Sobre las anteriores líneas, una educación del pensamiento crítico nos retará a someter a examen, a desandar en primer lugar, las formas de pensamiento, de enseñanza y aprendizaje que parecen darle prioridad a la transmisión de contenidos y a la aplicación mecánica y descontextualizada de competencias laborales (muy particularmente en la Educación superior), y, en un segundo lugar, a incorporar la reflexión sistemática en nuestras formas de vida y conocimiento. En un mundo cada vez más complejo e indeterminado; en medio de sociedades en las que resurgen  viejas rencillas y neonacionalismos; sociedades tribales que oscilan radicalmente entre opiniones, informaciones de dudosa procedencia, imperio de emociones básicas, extremismos ideológicos y fanatismos comportamentales con una  creciente pulverización de la ética y del cuidado de la vida, posiblemente una educación del pensamiento crítico pueda, al menos, defender y promover la urgente necesidad de dar condiciones mínimas para pensar con detenimiento y humanizar nuestra humanidad.

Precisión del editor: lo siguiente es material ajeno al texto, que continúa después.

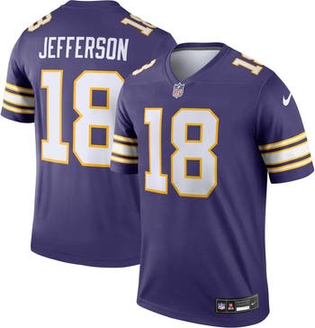 Honor the legacy of Fran Tarkenton and the Purple People Eaters with this throwback-inspired Minnesota Vikings Justin Jefferson Classic Legend Player Jersey.This Nike gear features gold and white stripes on the sleeve and the gold trim around the numbers replicates the jerseys worn in the 1970s when the Purple People Eaters were wreaking havoc on opposing quarterbacks. The exciting graphics let you think back on the past while looking ahead to the next Minnesota Vikings season.

Si le damos atención especial a esta educación -o si se quiere, a enseñar desde un verdadero fomento del pensamiento reflexivo y no del aprendizaje per se de mandatos hiperconsumistas- podremos vigorizar la autonomía (tan mentada pero tan ausente en nuestras aulas) y el análisis y valoración argumentada de los discursos que nos gobiernan. Una educación del pensamiento crítico, como programa y propuesta formativa, ya en el ámbito universitario, haría las veces de trayecto cognitivo, ético y político pertinente para las presentes y futuras generaciones desde una mirada más esperanzadora, incluyente y renovada respecto a las actuales condiciones sociales que imperan y empobrecen la condición humana, muy especialmente en Colombia. Centrarse en la educación del pensamiento crítico, concluyendo, puede ser la bisagra que nos permita configurar una forma de sentido y convivencia más sólidos ante un mundo cada vez más líquido.

[1] Cfr, especialmente el capítulo VIII de la Lógica y el parágrafo 40 de la Crítica del juicio, I. Kant.